Reminiscences by Nolini Kanta Gupta

The Second World War

This is a war to which even spiritual seekers can hardly remain indifferent with impunity. There are spiritual paths, however, that ask us to render unto God what is God’s and unto Satan what belongs to Satan; in other words, spirituality is kept apart from what is called worldliness, clean and untouched by the dust and murk of Ignorance — Maya. The injunction accordingly is that they who are worldly must remain worldly, they have no business, no right to meddle with spirituality; and they who are spiritual, on the other hand, should remain strictly spiritual, should have nothing to do with worldliness. Because of this complete divorce between the spiritual and the worldly, the world remains worldly even today, and continues to be the empire of unspirituality and obscurity, of suffering and grief; it is unable to become a dynamic and living expression and embodiment of the Spirit.

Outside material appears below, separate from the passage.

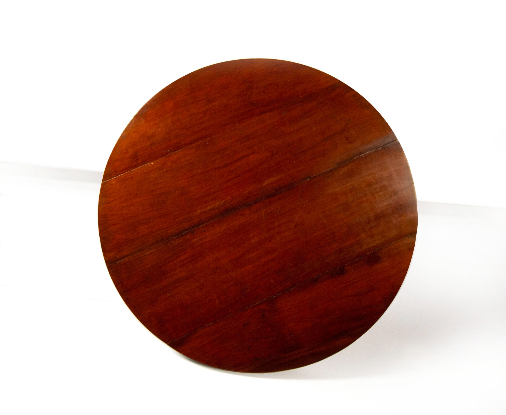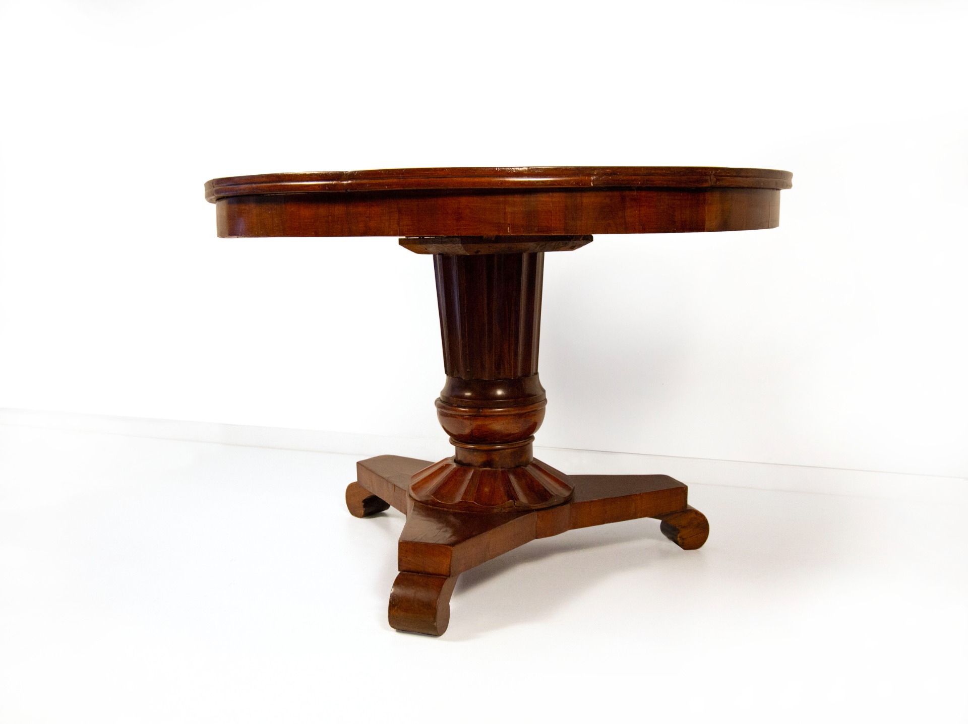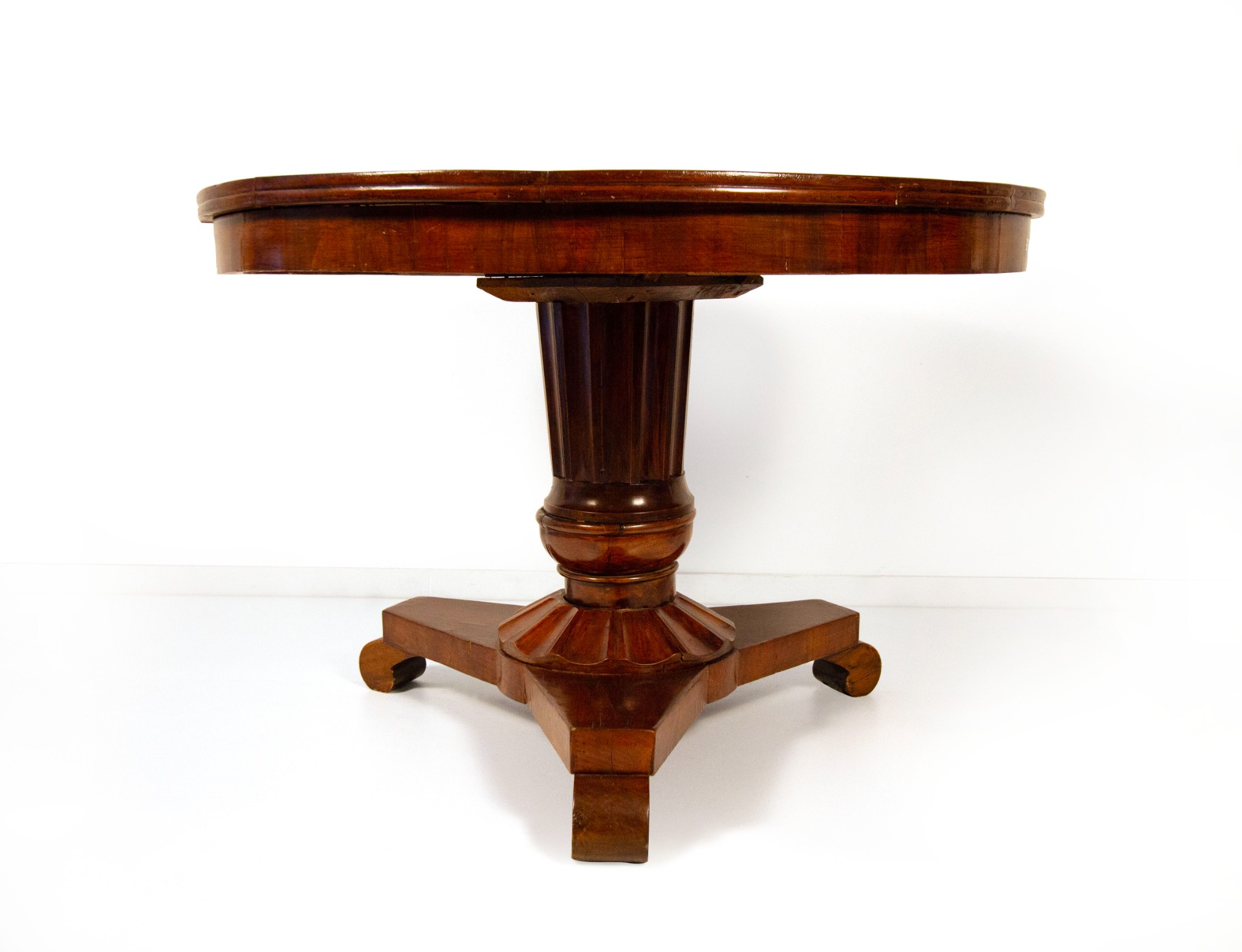 19th century walnut table, circular top, straight apron resting on a fluted and molded upright, tripod base on shaped scroll feet, cm 76x114

Not that spiritual men have not served and worked for the welfare of the world; but their work could not be wholly effective, it was mixed, maimed, temporary in effect. This could not be otherwise, for their activity proceeded from inferior and feebler sources of inspiration and consciousness other than those that are purely spiritual. Firstly, little more was possible for them than to exercise an indirect influence; their spiritual realisation could bring into the life of the world only a reminiscence, an echo, just a touch or a ray from another world. Or, secondly, when they did take part in worldly affairs, their activity could not rise much beyond the worldly standard; it remained enclosed within the sphere of the moral and the conventional, it took such forms as charity and service and philanthropy. Nothing higher than ideas and ideals confined to the moral, that is to say, the mental plane, could be brought into play in the world and its practical life — even, the moral and mental idea itself has often been mistaken for true spirituality. Thus the very ideal of governing or moulding our worldly preoccupations according to a truly spiritual, a supramental or transcendental consciousness, was a rare phenomenon and even where the ideal was found, it is doubtful whether the right means and methods were discovered. Yet the sole secret of changing man’s destiny and transmuting the world lies in the discovery and application of a supreme spiritual Conscious-Power.